→ **EXERCISE REQUIREMENTS**: Taking the data below, please print only the lines from the line holding "Vintage Shopping bag" to the line holding "2、商业机会栏目功能有:二级", inclusive, with pictures omitted.

[Collected data entries]
--- START ---
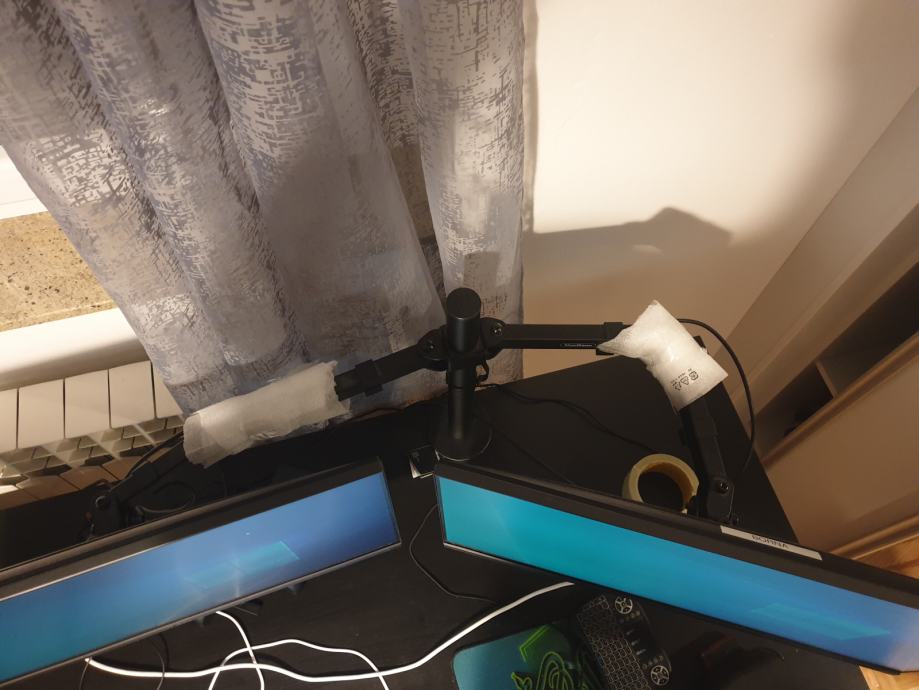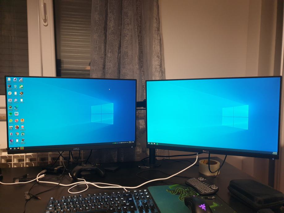 Uz njih dolazi i Von Haus stolni nosač za dva monitora sa vesa nosačima na monitorima te originalni stalci koje moram dofurat od kuće tako da će stalci bit dostupni od 18.10. na dalje. Dajem također i potrebne naponske kablove i display port kablove.
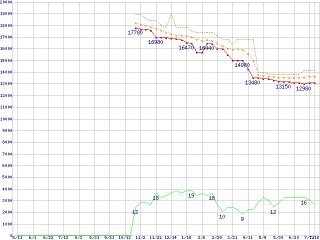 ※このグラフは過去のデータも税率5%相当に調整した税込み相当額のグラフです。 税率変更や、総額表示方式導入(2004年4月)の影響は除いています。 | | | ●凡例 | 最安値 (点線部は販売店未確認 または未調査) | 平均値 | 最高値 | ショップ数 |
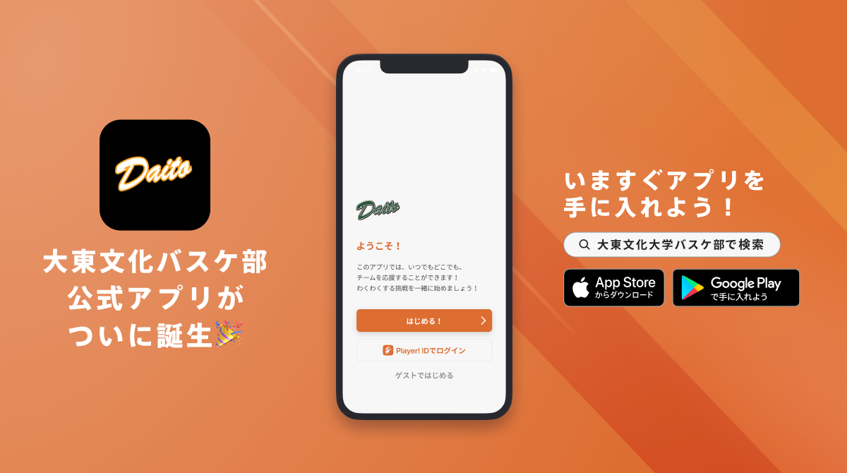 AppStoreもしくはGooglePlayで「大東文化大学男子バスケットボール部」と検索!
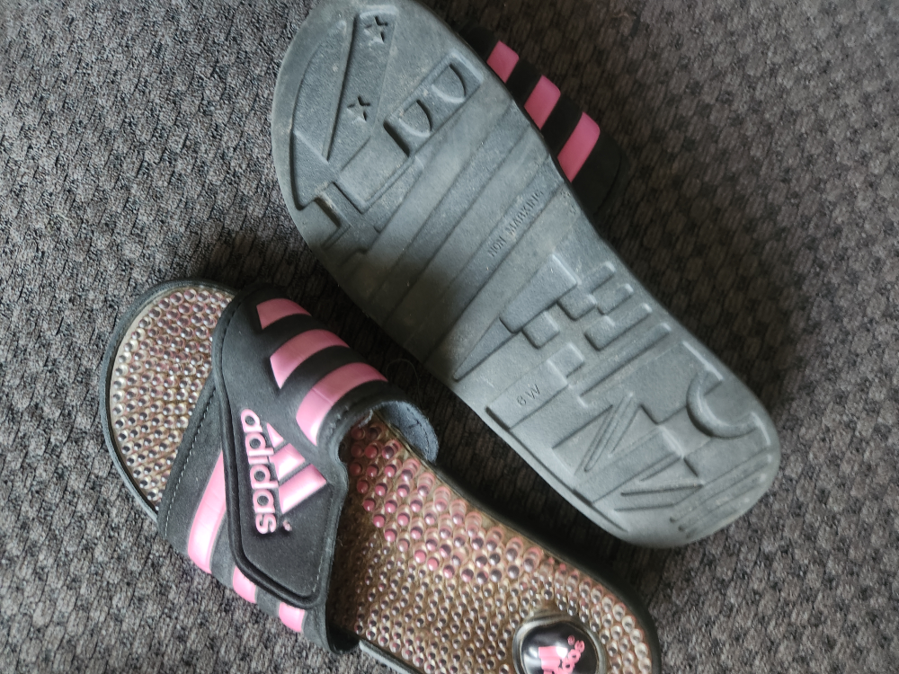 Selling a pair of Adidas Adissage slides in kids 7 They feature a black and pink colour scheme with the classic Adidas stripes. These slides are designed with a massaging footbed for extra comfort. They are in used condition, but still have lots of life left!
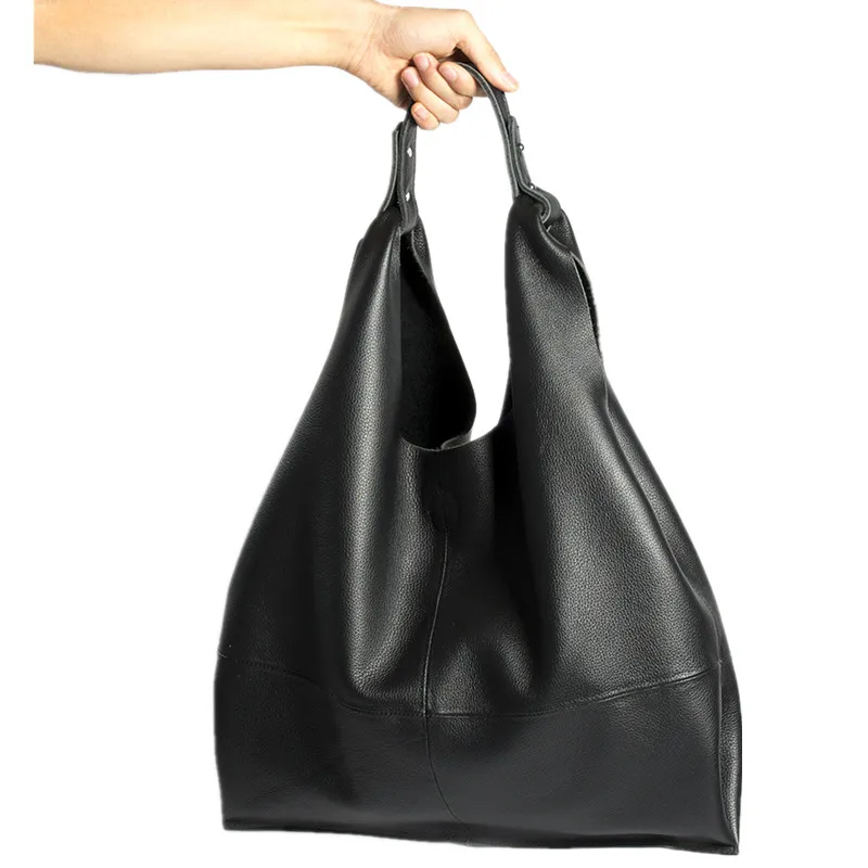 Vintage Shopping bag Natural Cow Leather crescent bag large capacity super soft full grain shoulder bag fashion large handbag
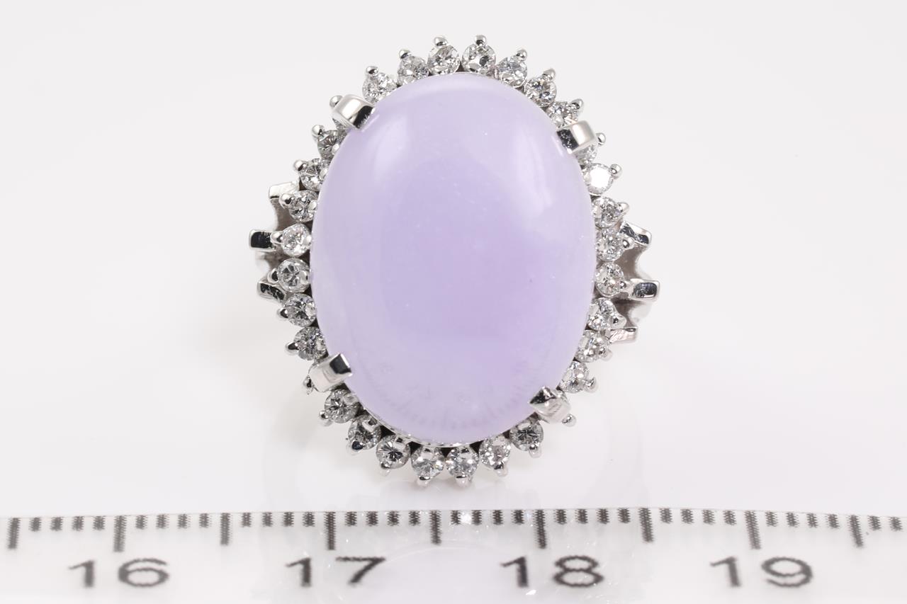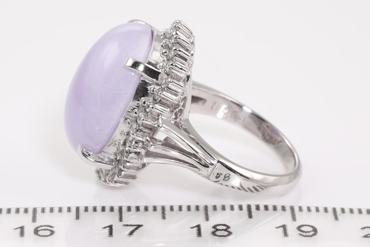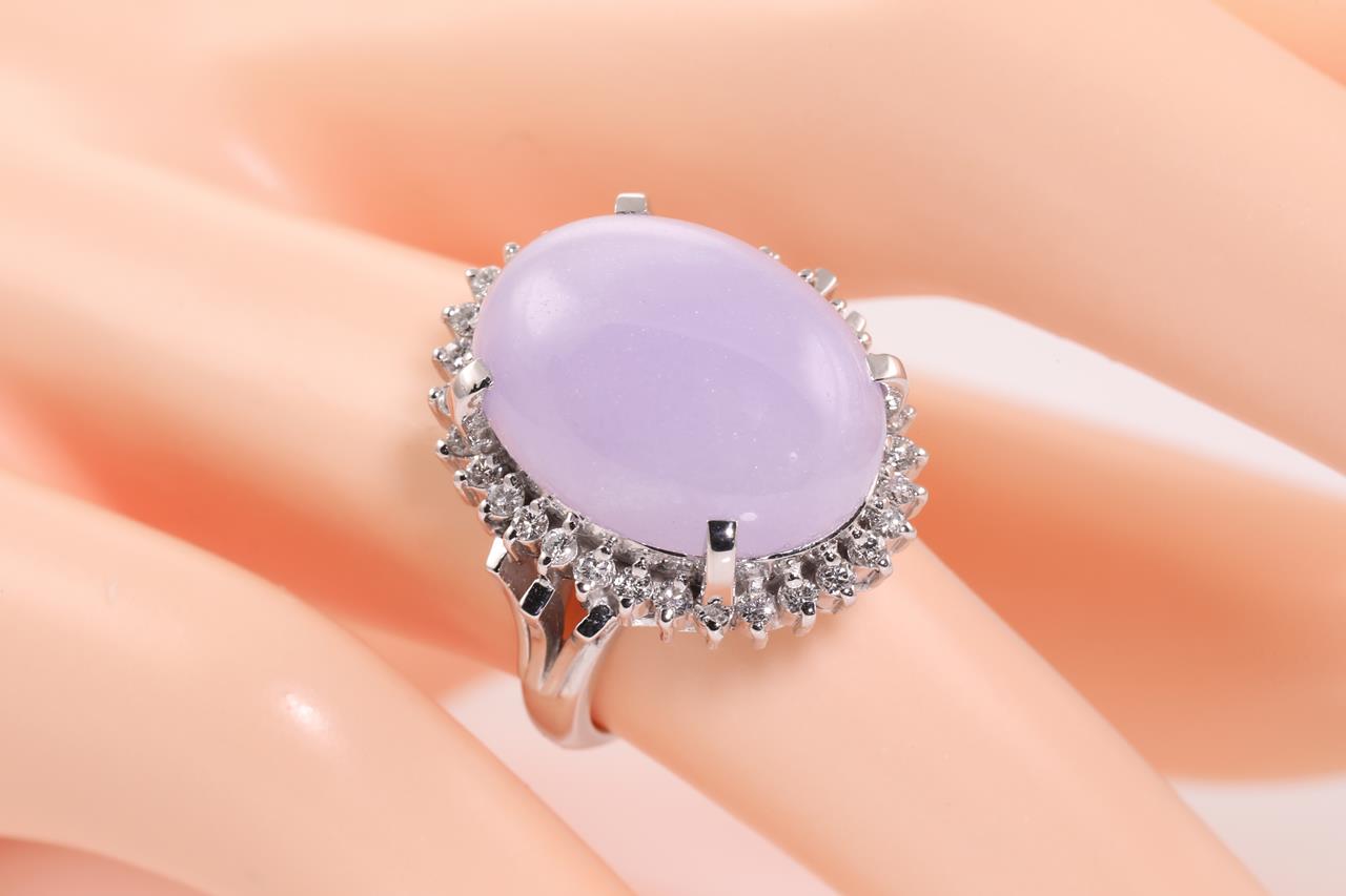 Jade and Diamond ring with an oval cabochon cut Natural Type B Jadeite Lavender Jade of 15.84ct and Diamonds totalling 0.53cts (Estimated grading: H SI). Platinum. Ring size K. Weight: 14g. With Gem Identification report #D18471. (Pre-owned)
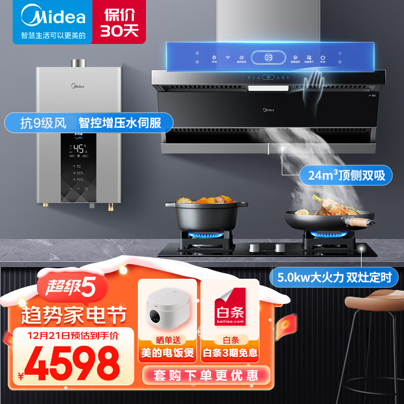 美的(Midea)抽油烟机燃气灶具顶侧双吸烟灶联动变频大吸力恒温热水器厨房三件套DL5+Q523L+JSQ30-MK6天然气价格:4598.00元!
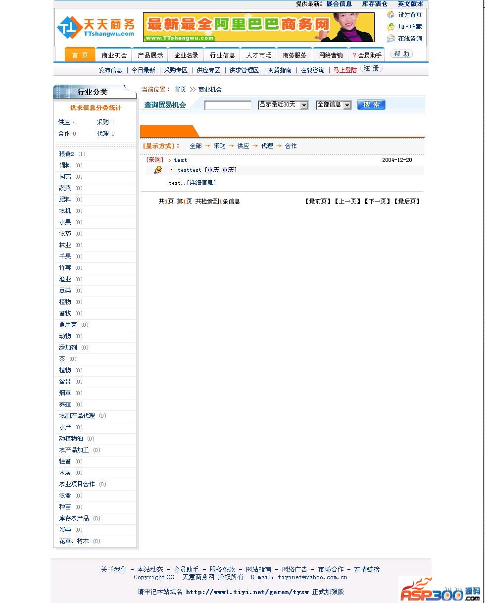 2、商业机会栏目功能有:二级分类,已经带有详细分类的数据库,后台可以更改增加操作,并可以推荐公司,栏目分为分类显示信息,
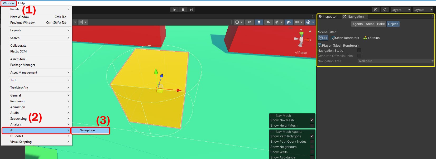 Агента для NavMesh мы создали, теперь необходимо создать сам NavMesh. Для этого переходим во вкладку Window - AI - Navigation, и после этого откроется окно Navigation, которое будет автоматически встроено рядом с окном Inspector.
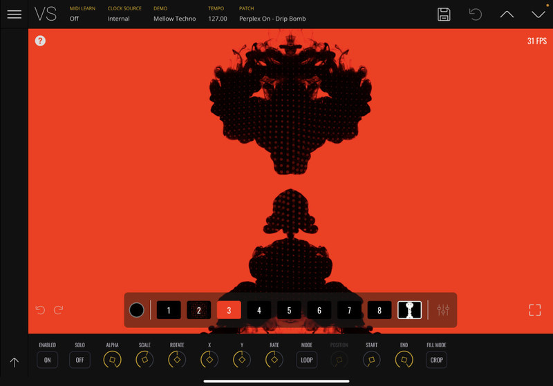 與其他影像生成軟體不同的是, VS 完全以聲音為本的方式來做動,你可以視 VS 為一個 Plugin ,或甚至是一個完整的軟體合成器,當你掛載在音軌上時,他能夠隨著聲響加上自定義的效果產生出不同的影像畫面,多個音軌則能夠以 Layer 的形式呈現,也就是說,每一種聲音皆可以是一種獨立的動態視覺元素。
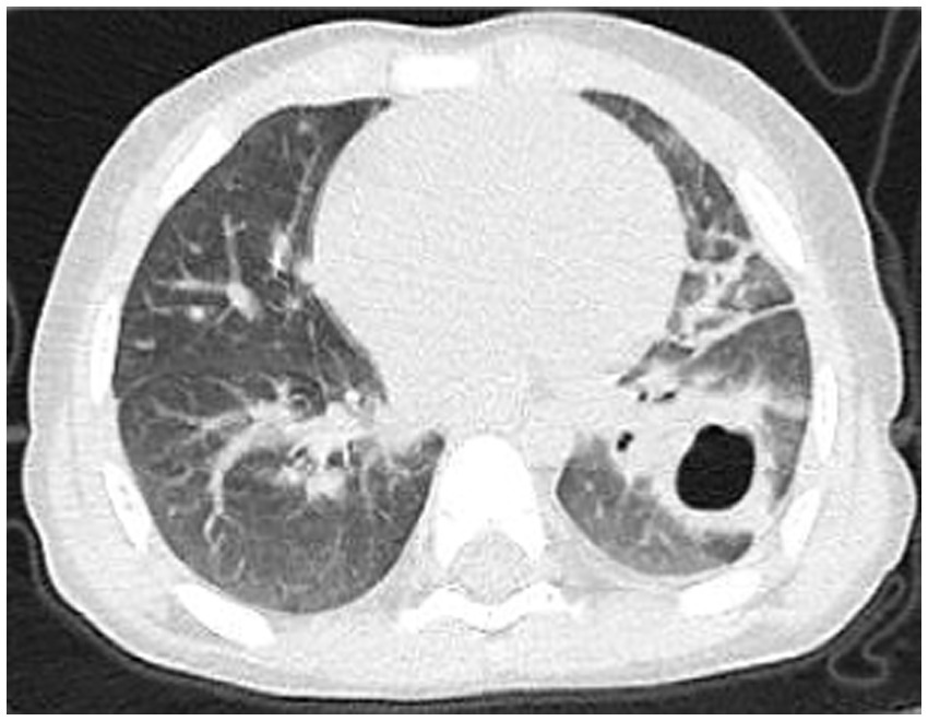 A 2-year-old male patient presented with a 7-day history of paroxysmal cough with sputum and rhinorrhea, followed by 4 days of fever (peak temperature 39.7 °C). No wheezing or shortness of breath was noted. Prior outpatient treatment with cefuroxime, azithromycin, and methylprednisolone sodium succinate yielded no improvement. Initial blood tests revealed white blood cell count (WBC) 3.7 × 10^9/L, lymphocytes (LY) 26%, neutrophils (NEUT) 67%, hemoglobin (HGB) 120 g/L, platelet count (PLT) 243 × 10^9/L, and C-reactive protein (CRP) 148.24 mg/L. Chest computed tomography (CT) (Figure 1) indicated pneumonia with lung consolidation, prompting hospital admission for severe pneumonia.
--- END ---
→ **TASK RESULT**:
 Vintage Shopping bag Natural Cow Leather crescent bag large capacity super soft full grain shoulder bag fashion large handbag
 Jade and Diamond ring with an oval cabochon cut Natural Type B Jadeite Lavender Jade of 15.84ct and Diamonds totalling 0.53cts (Estimated grading: H SI). Platinum. Ring size K. Weight: 14g. With Gem Identification report #D18471. (Pre-owned)
 美的(Midea)抽油烟机燃气灶具顶侧双吸烟灶联动变频大吸力恒温热水器厨房三件套DL5+Q523L+JSQ30-MK6天然气价格:4598.00元!
 2、商业机会栏目功能有:二级分类,已经带有详细分类的数据库,后台可以更改增加操作,并可以推荐公司,栏目分为分类显示信息,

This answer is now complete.